Katharine Viner, la rédactrice en chef du quotidien britannique “The Guardian” estime que la croissance des réseaux sociaux est la principale cause de l’ère post-factuelle qui fragilise radicalement les journaux et tous les organes de presse. Mais ce point de vue fait débat.
Médias et fabrique du consentement
Certains contestent la pertinence de l’hypothèse de Katharine Viner. En France, le sociologue Frédéric Lordon relativise. D’après lui, il ne faut pas surévaluer cette montée en puissance des réseaux. Selon Lordon, aux États-Unis, les médias de masse n’ont pas soutenu Donald Trump. Mais, dès les primaires républicaines, ces médias ont effectivement consacré énormément d’articles au candidat Trump en tentant de le décrédibiliser.

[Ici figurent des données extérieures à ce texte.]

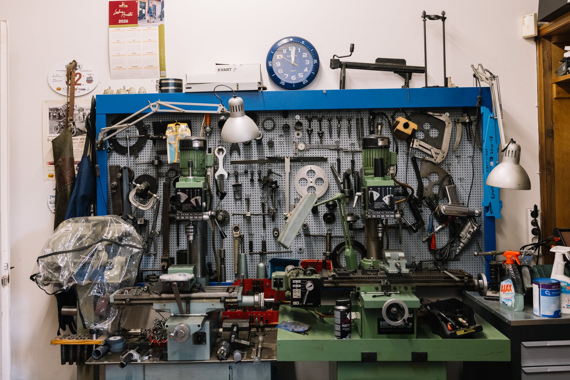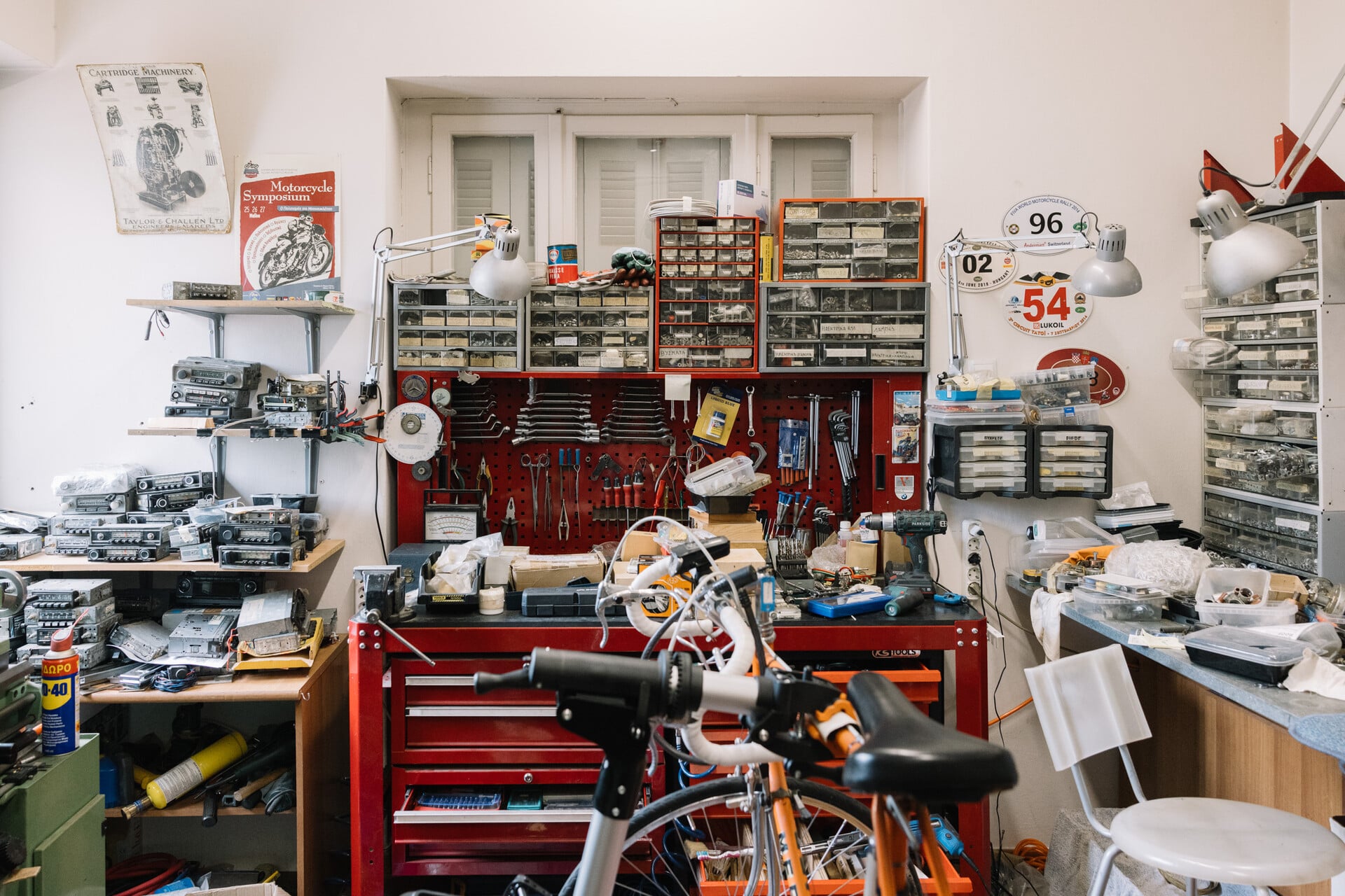 «Αυτά είναι εργαλεία της BMW από το 1950», λέει ο Τάσος. Έχει φρέζες, τόρνο, όλα αυστριακά, και μια συλλογή από παλιά ραδιόφωνα αυτοκινήτων, κυρίως της Μercedes. Έχει μεράκι να τα φτιάχνει. Του λέω ότι θαυμάζω την υπομονή του και ότι εγώ δεν έχω ούτε να στρίψω βίδα. Μου δείχνει και κάποια εργαλεία που ανήκαν στον στρατό της Αλγερίας και πήγε μέχρι εκεί για να τα πάρει. «Πώς και δεν έκανες το “συνεργείο” σου εκτός σπιτιού;» τον ρωτάω. «Γιατί ήθελα να μπορώ να δουλεύω ό,τι ώρα ήθελα, ακόμα και αργά τη νύχτα», εξομολογείται.

Les médias “classiques” parlaient de Trump parce qu’ils considéraient qu’il était choquant, démagogue, spectaculaire, autrement dit qu’il suscitait la polémique, chose qui est vendeuse en termes d’audience. Si l’on adopte ce point de vue, on est obligé de reconnaître que c’est bien la presse dite “classique” qui a permis à Donald Trump de devenir président des États-Unis.
Une des thèses de Lordon est que le journalisme destiné au grand public s’est éloigné de l’impératif de vérification des faits pour se mettre au service d’une idéologie : le libéralisme économique. Cette façon de penser rejoint la thèse de Chomsky résumée dans l’expression “la fabrication du consentement par les médias”.
Selon Lordon, l’affaiblissement de la presse écrite et de la presse magazine dans l’époque contemporaine serait en réalité causé par la presse elle même. Les médias s’étant fait le relai actif et implicite de la propagande consumériste. De plus, Lordon estime qu’il faut se moquer des expressions telles que : « post-vérité » et « post factuel ».
Quant au journaliste Daniel Schneidermann, il critique Lordon en rappelant qu’une partie de la presse n’a jamais arrêté de produire des articles tentant de dissiper les rumeurs, mais aussi continue à produire des enquêtes parfois très fouillées.
La limite en termes de compréhension ou de critique serait de définir la presse comme un bloc monolithique ce qu’elle n’est pas et n’a jamais été. Il faudrait conserver à l’esprit que sous le mot “presse” se dissimulent plein de façons d’exercer le journalisme. Certaines ayant des limites, d’autres contribuant plus à améliorer la qualité de l’information qu’à promouvoir une quelconque idéologie. Il faudrait donc rester nuancé et éviter systématiquement et farouchement toute généralisation.